* [PROBLEM TO WORK ON]: No pictures belong in the copy, but every line of the material below must be reproduced exactly.

* [INFORMATION SUPPLIED]:
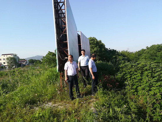 5月19日下午,嚴橋鎮(zhèn)鎮(zhèn)長(左一)宣光東對鎮(zhèn)主干道及鎮(zhèn)內(nèi)的環(huán)境衛(wèi)生、占道經(jīng)營、廣告治理等進行督查
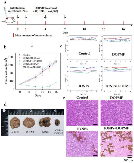Building on the success of in vitro cell experiments with DOPMF, we established a BALB/c NUDE mouse model bearing A375 melanoma tumors to further validate the efficacy of this LDCD strategy. When tumor volumes reached ~250 mm3, 24 A375 tumor-bearing mice were randomly divided into four groups: control, IONPs, DOPMF, and IONPs + DOPMF. One day prior to treatment, the control and DOPMF groups received intratumoral injections of PBS (volume equivalent to half the tumor volume), while the IONPs and IONPs + DOPMF groups were injected with IONPs (20 × 60 nm nanorods, 30 mg/mL concentration); these two groups were subjected to three sessions of MMT (3 T, 10 Hz, n = 4000 pulses, intermittent treatment: 2 min on/1 min off) at 2-day intervals. Tumor volumes and weights were measured every 3 days during the treatment period. The schematic diagram of the treatment process is shown in Figure 5a.
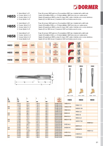 Quatro (4) parafusos H860 e uma (1) chave H861 estão incluídos com o corpo da broca
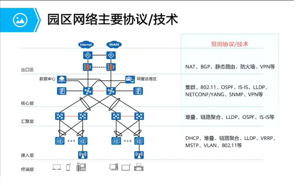 - 核心层: 负责整个园区网络的高速转发,实现不同业务网之间的互相访问和内外网的通讯。

* [REPLY]:
 5月19日下午,嚴橋鎮(zhèn)鎮(zhèn)長(左一)宣光東對鎮(zhèn)主干道及鎮(zhèn)內(nèi)的環(huán)境衛(wèi)生、占道經(jīng)營、廣告治理等進行督查
Building on the success of in vitro cell experiments with DOPMF, we established a BALB/c NUDE mouse model bearing A375 melanoma tumors to further validate the efficacy of this LDCD strategy. When tumor volumes reached ~250 mm3, 24 A375 tumor-bearing mice were randomly divided into four groups: control, IONPs, DOPMF, and IONPs + DOPMF. One day prior to treatment, the control and DOPMF groups received intratumoral injections of PBS (volume equivalent to half the tumor volume), while the IONPs and IONPs + DOPMF groups were injected with IONPs (20 × 60 nm nanorods, 30 mg/mL concentration); these two groups were subjected to three sessions of MMT (3 T, 10 Hz, n = 4000 pulses, intermittent treatment: 2 min on/1 min off) at 2-day intervals. Tumor volumes and weights were measured every 3 days during the treatment period. The schematic diagram of the treatment process is shown in Figure 5a.
 Quatro (4) parafusos H860 e uma (1) chave H861 estão incluídos com o corpo da broca
 - 核心层: 负责整个园区网络的高速转发,实现不同业务网之间的互相访问和内外网的通讯。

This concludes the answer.